The T1 mapping field is rapidly advancing, and advances have brought it close to being used in clinical practice: Single breath-hold mapping with MOLLI, ShMOLLI and SASHA sequences [54•, 55•, 56•] (where each pixel carries the T1 value) have replaced previous multi breath-hold methods. Newer refinements include shorter breath-holds, better sequence design, and lately, ECV maps with pixel-by-pixel representation of ECV for a simplified detection and quantitative display of focal and diffuse fibrosis (see Fig. 1) [57••]. There is an apparent spectrum of interstitial expansion with cardiac amyloid, aortic stenosis and cardiomyopathy having large changes in ECV; but age and gender have much smaller or possibly no contributions [58] once partial volume issues are accounted for. The ratio of pathophysiological signal to measurement error is a key determinant of test performance. T1 mapping appears especially robust in detecting disease characterized by high ECV, such as amyloid (where the ECV is often >0.5) [59], or marked native T1 contrast diseases such as Anderson-Fabry disease (where fat storage makes native T1 fall) [60]. Little biopsy histological correlation is available in these diseases however. Native T1 mapping has also been used for identification of diffuse myocardial fibrosis in aortic stenosis and non-ischaemic cardiomyopathies [61, 62], as well as the detection of acute myocarditis and showed excellent and superior diagnostic performance compared with T2-weighted CMR [63].

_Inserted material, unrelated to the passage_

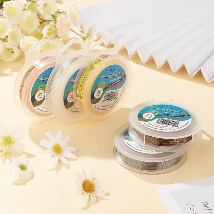 Fil de cuivre pour la fabrication de bijoux en gros pour création Fil Cuivre Pour Bijoux Pandahall Fil De Cuivre Résistant Au Ternissement De Calibre Fil Cuivre Pour Bracelets Boucles D'oreilles Nombreuses applications : le kit d'emballage en fil de cuivre est parfait pour les bracelets, boucles d'oreilles, colliers et autres bijoux, également idéal pour les travaux manuels tels que les décorations d'intérieur, les porte-clés, les décorations suspendues, les emballages cadeaux. Lot de 4 rouleaux de fil de cuivre pour bijoux - Couleurs mélangées - 0,4/0,5/0,8 mm Dimensions : Fil de cuivre pour bijoux : calibre 26, 0,4 mm, environ 12 m, 2 rouleaux. Matériau : fabriqué en cuivre de haute qualité + acier au carbone, avec revêtement anti-ternissement et résistant, durable et robuste, avec un trempage doux et une surface lisse, peut être utilisé pendant une longue période. Fil à bijoux en cuivre: contient 6 styles de fil à bijoux en métal. 4 rouleaux de 26 jauge (0.4mm), 12~15 m (39.37 pi ~ 49.21 pi)/rouleau, en noir, or, couleur marron et argent. 2 rouleaux de 20 jauge (0.8mm), 10 m (32.8 pi)/rouleau, en noir et blanc 3 tailles de fils : 3 tailles de fils de cuivre pour bijoux, y compris 0,4 mm, 0,5 mm, 0,8 mm. Fil de cuivre rond ColourCraft Wire 0.81 mm anti-ternissement - Naturel... Facile à utiliser : avec la pince à bijoux, vous pouvez couper les fils à la longueur dont vous avez besoin, ce qui rend votre processus de bricolage plus pratique. Fil de cuivre pour bijoux : calibre 20, 0,8 mm, environ 3 m / rouleau.

A key task will be to transition from an early development phase with competing methodologies, to more standardized methodologies sufficient for use to: diagnose disease; define mechanistic pathways of disease affecting the interstitium, the myocyte or both; change therapy; and employ ECV as a surrogate endpoint in trials of drug development. This is the aim underpinning the recently formed T1 mapping development group and the T1 mapping consensus statement [64••]. The consensus statement also highlights that we are currently using a simple model to explain far more complex in-vivo biological and molecular structure: the interaction between cardiac myocytes and the cardiac interstitium. Effects such as magnetization transfer, diffusion distance and time, contrast mechanisms, trans-cytolemmal water exchange rate, flow, T2 or T2* relaxation will require further investigation [65, 66].

Other Techniques

A new approach is trying to exploit the signal from collagen-related water molecules, which have a very fast signal decay (short T2 and T2*) compared to water in soft tissue. Using ultra short echo time (UTE) MRI, this has been successfully applied to solid collagen-rich areas like ligaments and tendons. In a rat model of myocardial infarction, UTE was able to directly detect post-infarct fibrosis without the use of contrast agents [67]. Furthermore, myocardial tissue characterization with quantification of the extracellular space has also been performed with cardiac computed tomography – in dogs [68] and humans [69, 70] – and may be attractive, despite the radiation dose, as it theoretically allows whole heart ECV quantification, although currently the technique has high noise compared to CMR.

Conclusion

Using the fundamental T1 and T2 properties of myocardial tissue as well as the highly reproducible post-contrast LGE method, CMR has established itself as the gold standard for non-invasive myocardial tissue characterization. ECV diffuse fibrosis measurement may take this a step further. We can now dichotomize the myocardium into its cellular and interstitial components and this will advance understanding of disease mechanisms as well as their relative contribution to cardiac vulnerability. This is a critically important issue, especially in the setting of heart failure where drug development strategies have produced few positive results over the last decade [71]. CMR offers an array of techniques, which separately or in combination can detect and quantify early and established myocardial pathological processes permitting better diagnosis, prognostication and tracking of therapy. This should in turn optimize the choice and timing of interventions, and enhance drug development.